Non-Radioactive In Vitro Cardiac Myosin Light Chain Kinase Assays.

ABSTRACT

Cardiac-specific myosin regulatory light chain kinase (cMLCK) regulates cardiac sarcomere structure and contractility by phosphorylating the ventricular isoform of the myosin regulatory light chain (MLC2v). MLC2v phosphorylation levels are significantly reduced in failing hearts, indicating the clinical importance of assessing the activity of cMLCK and the phosphorylation level of MLC2v to elucidate the pathogenesis of heart failure. This paper describes nonradioactive methods to assess both the activity of cMLCK and MLC2v phosphorylation levels. In vitro kinase reactions are performed using recombinant cMLCK with recombinant calmodulin and MLC2v in the presence of ATP and calcium at 25 °C, which are followed by either a bioluminescent ADP detection assay or a phosphate-affinity SDS-PAGE. In the representative study, the bioluminescent ADP detection assay showed a strict linear increase of the signal at cMLCK concentrations between 1.25 nM to 25 nM. Phosphate-affinity SDS-PAGE also showed a linear increase of phosphorylated MLC2v in the same cMLCK concentration range. Next, the time-dependency of the reactions was examined at the concentration of 5 nM cMLCK. A bioluminescent ADP detection assay showed a linear increase in the signal during 90 min of the reaction. Similarly, phosphate-affinity SDS-PAGE showed a time-dependent increase of phosphorylated MLC2v. The biochemical parameters of cMLCK for MLC2v were determined by a Michaelis-Menten plot using the bioluminescent ADP detection assay.

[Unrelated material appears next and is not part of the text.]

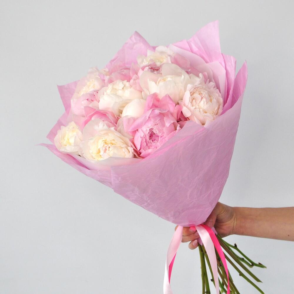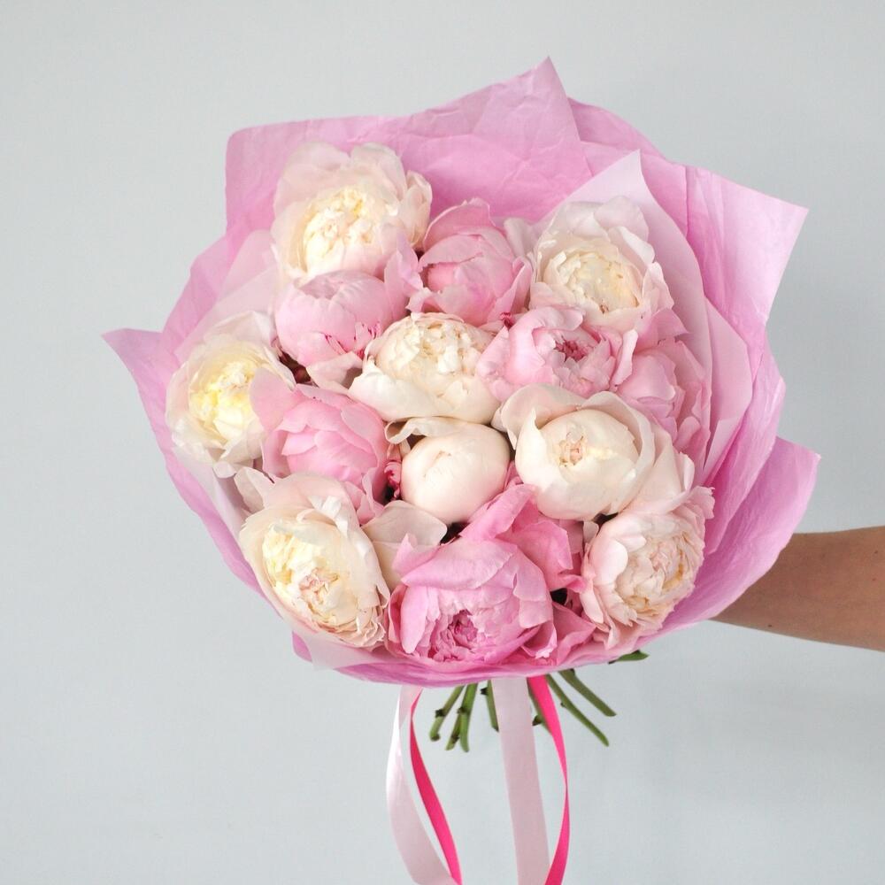 Пион – 15 шт.Лента атласная – 1 шт.Упаковка дизайнерская – 2 шт.

The Vmax was 1.65 ± 0.10 mol/min/mol kinase and the average Km was around 0.5 USA µM at 25 °C. Next, the activity of wild type and the dilated cardiomyopathy-associated p.Pro639Valfs*15 mutant cMLCK were measured. The bioluminescent ADP detection assay and phosphate-affinity SDS-PAGE correctly detected defects in cMLCK activity and MLC2v phosphorylation, respectively. In conclusion, a combination of the bioluminescent ADP detection assay and the phosphate-affinity SDS-PAGE is a simple, accurate, safe, low-cost, and flexible method to measure cMLCK activity and the phosphorylation level of MLC2v.